Крика не получилось. То ли робость помешала, то ли уважение, но я лишь чуток голосу добавила. Всё равно низовое эхо его поймало, к самому мху прижало и погнало вдаль, аж видать, как шевелятся камышины, пропуская мой зов и вроде бы его подгоняя, поправляя, чтобы впустую не развеялось имя хозяина здешних мест…
– Ох-хо, – вздохнул голос у меня за спиной. Да так обстоятельно вздохнул, что вросла я в мох пуще страха своего. Словно нашелся обещанный Кимочкой болотник, схватил за обе пятки и держит. Да что болотник! Мох вполз до колен – он и путает, и упасть не дает… А дыхание дедово затылок щекочет жутью. – Ох-хо… Долгонько ты добиралась сюда, долгонько.
– Здравия вам, дедушка, – голос сел до шелеста.

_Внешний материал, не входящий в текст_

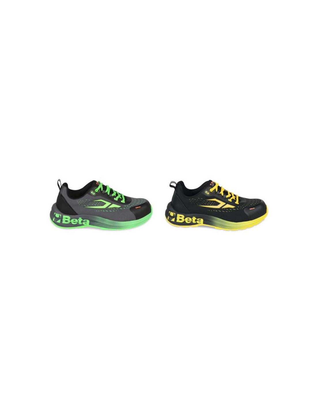 Chaussures de sécurité basses Renegade de Beta, dotées d'une tige en tissu tissé haute respirabilité avec inserts en TPU, support de stabilité au talon, laçage classique avec lacets, semelle avec intercalaire en EVA, semelle extérieure en caoutchouc nitrile haute résistance, embout en matériau polymère, résistance de 200 Joules, protection anti-perforation en fibre composite avec traitement céramique, semelle intérieure en EVA FOAM. Normes : S1PS FO SR HRO.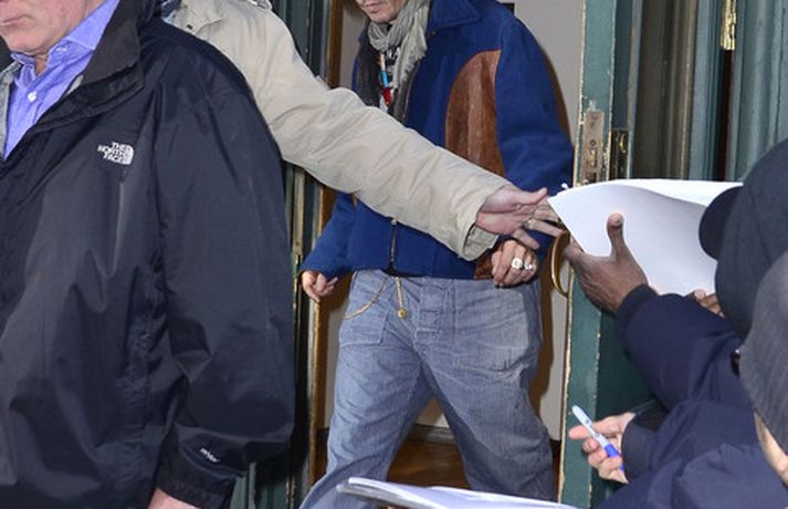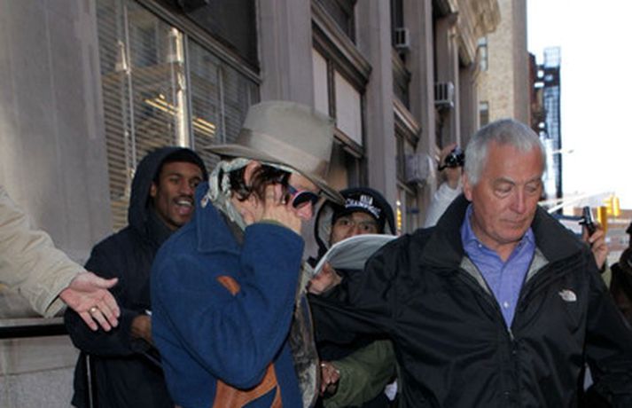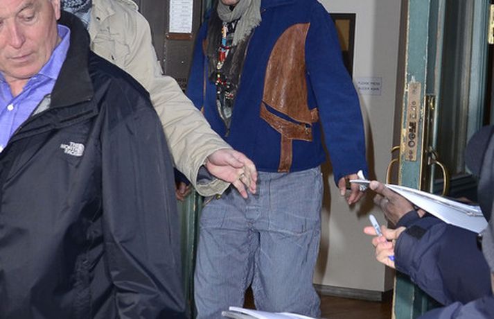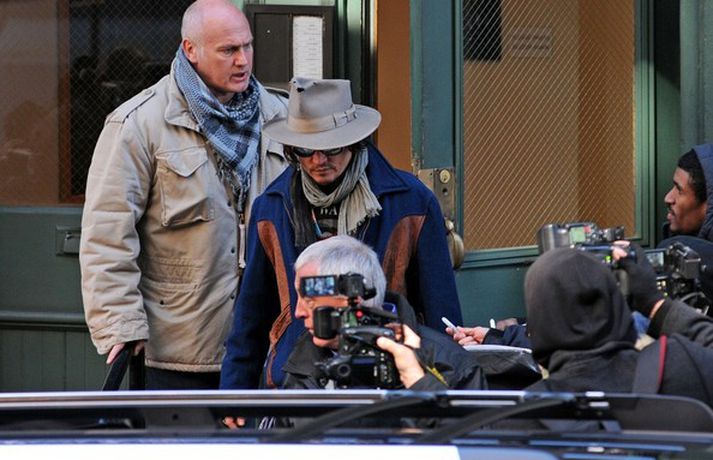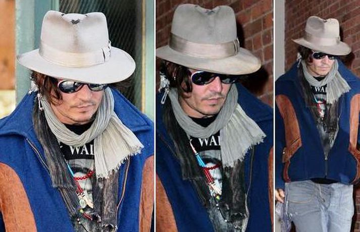 Leikarinn Johnny Depp, 48 ára, yfirgaf íbúð í New York í fylgd lífvarða í gærdag.„Mitt mottó er að njóta ferðarinnar á meðan á henni stendur,“ lét Johnny hafa eftir sér. Eins og sjá má á myndunum var leikarinn niðurlútur með hatt á höfði og sólgleraugu á nefinu.

– Оно неплохо, здравия-то… – вроде бы ободрил голос. Низкий, спокойный, страха не копится от него. Скорее уж наоборот, покой приходит. Немного сонный и основательный. – Неплохо бы. Спасибо, да… Вежливо молвила, хоть душа твоя в самый мох сползла, там и запуталась, вот ведь как… А ты сядь, я кочку подвинул. Сподручнее спрашивать сидя-то, уж наверняка так. Бруснички вона почерпни да угостись. Хороша у меня брусничка, отведай.
Обещанная кочка сама толкнула под слабые колени и поймала моховым мягким шаром сиденья. Брусника лежала в наполненной водой горсти каменной чаши – чернично-синей, цвета вечернего неба. Не попробовать было невозможно. Даже на вид сочна, рука сама тянется зачерпнуть бусы ягод из студеной воды, сладко-хрустальной. У Кимки, и то не водилось столь крупной ягоды. Ядреные, брызжущие соком, пахнут немыслимым среди безвременного лета инеем свежести.
– Спасибо, вкусна твоя ягода, деда, – похвалила я. – А только зачем со спины стоишь? Мало ли я тут чуд насмотрелась, привыкла. Кимочка вон…
– Я не стою, – задумался мой собеседник. – И не тут я… Везде. Мое болото, я часть его, так-то вот. Неверный вопрос, ненужный. Более не изводи себя по глупостям. С важным пришла, а вишь-ка: мелочи собираешь да перемалываешь.
– Прости уж, напугалась я, – нет смысла таить свой страх. – Вот и горожу пустое. Из-за Кимочки пришла. Плохо ему, и думается мне, в том моя вина великая. Ты уж вразуми, лекарство какое подскажи. Я в точности исполню, у меня кроме Кимки – никого.
– Лекарство! Ох-хо, поди ты, что удумала, – в голосе загудело удивление. – Нет нам лекарства. Ты сама лекарство, вот так уж вовсе верно сказать, пожалуй… Всякая работа, пусть и великие мастера её исполняли, требует подмоги и бережливости. Наша вот истрепалась изрядно. Да оно бы полбеды, мимо время течет, поток его не трогает нас, не приводит краски к тусклости, а замыслы – к забвению… Однако же и пользы от нас нет большому миру. Когда твой Кимка высказал мне это, крепко я со сна озлился. Не нашел в его словах правды, не приметил. Он смолчал, да втихую все по-своему учудил, тебя приволок и вздумал учить уму-разуму. Ох-хо, все были против! Только не слушал он нас, ничуть не слушал. Он такой, своим умом живет, и лес ему, хитрецу, не службу служит, а дружбу дарит. Разницу понимаешь ли?